A compilation of built-in functionalities to apply multiple Machine Learning algorithms with Matlab. Requires the Machine Learning, Parallel Computing, Statistical and Optimisation toolboxes.
The purpose of this work is to provide an insight into some of the methods and tools available within Matlab to perform Machine Learning. It is not intended to be used as part of a software package although I hope it can help develop algorithms in a more efficient way to those involved in hands-on Machine Learning research as that was the original purpose of this work as part of a broader project on feature learning.
At the moment the data from
Cortez et al. 2009 - 'Modeling wine preferences by data mining from physicochemical properties'.
is the only dataset used and hence a single subfolder has been created at the root of the repository.
Within this folder there are four main scripts and additional folders including functions to remove poor quality data samples, standardisation and rescaling of the data and additional plot functionalities. The four main scripts cover the following points:
1-VinhoVerde_Quality_ViewData.m: This script contains code to visualise the multiclass data and different statistical metrics split by class.
2-VinhoVerde_Quality_UnsupervisedLearning.m: Unsupervised learning applied to this wine dataset including four chapters.
- Chapter 2.A) A study of the data natural clustering via self organising maps (SOM)
including multiple visualisations of the latter.
- Chapter 2.B) A study of K-means clustering on the data and the parameterisation of
the algorithm. In this chapter, simple parallelisation is used to study
the influence of varying parameters and different criteria are explored
to extract an optimal number of clusters. Additionally, data is
visualised giving preference to the clusters showing greatest sparsity
accross the data.
- Chapter 2.C) A brief tutorial on the tools in Matlab used to perform Hierarchical
clustering and evaluate the suitability of such analysis to the sample
data
- Chapter 2.D) A study on EM Mixture of Gaussian clustering including 2D
visualisation of the data to better understand the assumptions behind
this approach to clustering.
3-VinhoVerde_Quality_SupervisedLearning.m: Supervised learning applied to wine type (red vs white) and quality label within each wine type. This script includes 6 chapters.

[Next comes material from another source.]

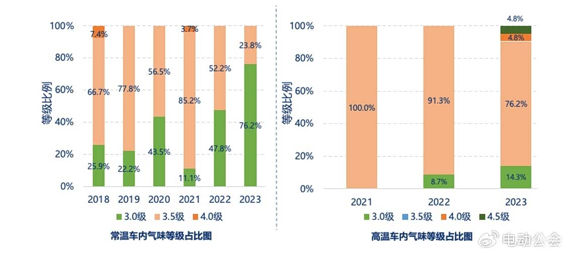 发现八:车内气味等级主要集中在3.0-3.5级水平,高温气味需要重点关注。测评结果显示,主流乘用车常温车内气味水平集中在3.0-3.5级,2018-2023年测评车型常温气味3.0级占比呈逐年上升趋势,高温状态下车内气味强度劣化较为明显,自2021年启动高温气味评价以来,高温场景下的车内气味受到了明显关注,但高温气味提升尚不明显。
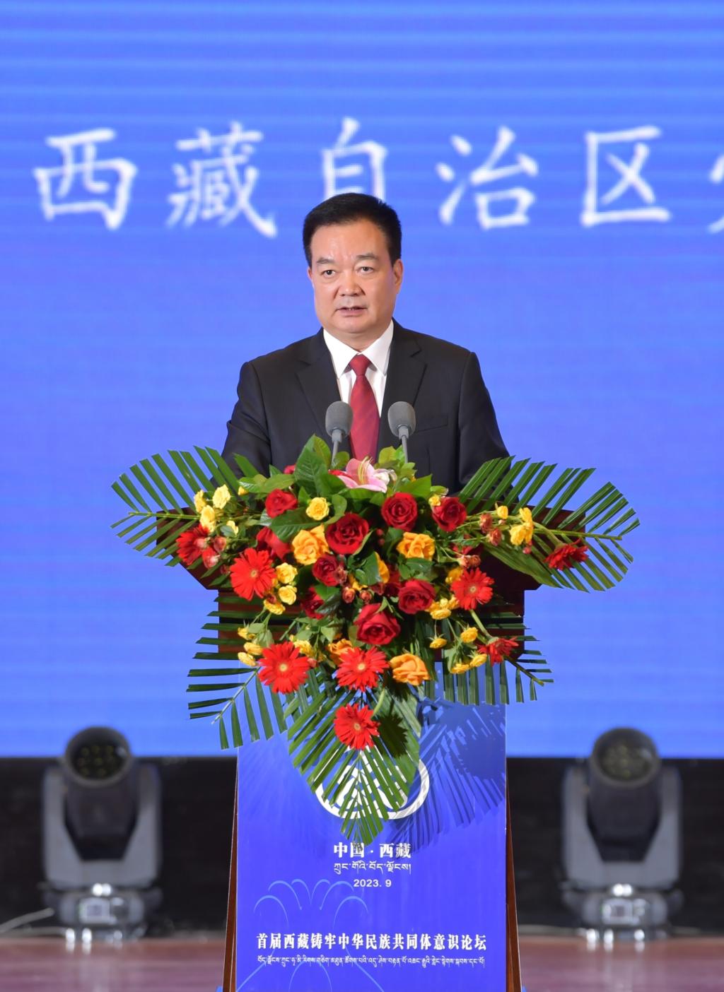 9月19日,西藏鑄牢中華(huá)民族共同體意識論壇在拉薩開幕。自(zì)治區(qū)黨委書記王君正出席並作主旨演講。記者 旦增西旦 攝

- Chapter 3.A) A study on clustering via K-Nearest Neighbours and the influence of
applying different distance metrics and distance factors. For v. 2016b
users, Bayesian optimisation is used to optimise hyperparameters and an
alternative brute force optimisation within a selected hyperspace is
offered for users of earlier versions. Simple parallelisation is used to
reduce the computation time.
- Chapter 3.B) A study on Naive Bayes classification and the possible distributions
that are predefined as options in this analysis. The assumptions from
Naive Bayes uses independency accross feature probabilities given a
classification label (these probabilities are typically assumed
multinomial or Gaussian) and here we will challenge this assumption for
the case of continuous Gaussian distributions.
- Chapter 3.C) An analysis of Gaussian Discriminant analysis in a binary decision
problem and the different assumptions that can be made when selecting
multivariate Gaussians for the feature posteriori distributions
P(fi|Class). We will use functions to check the validity of Gaussian
assumptions and examine covariances across features and labels.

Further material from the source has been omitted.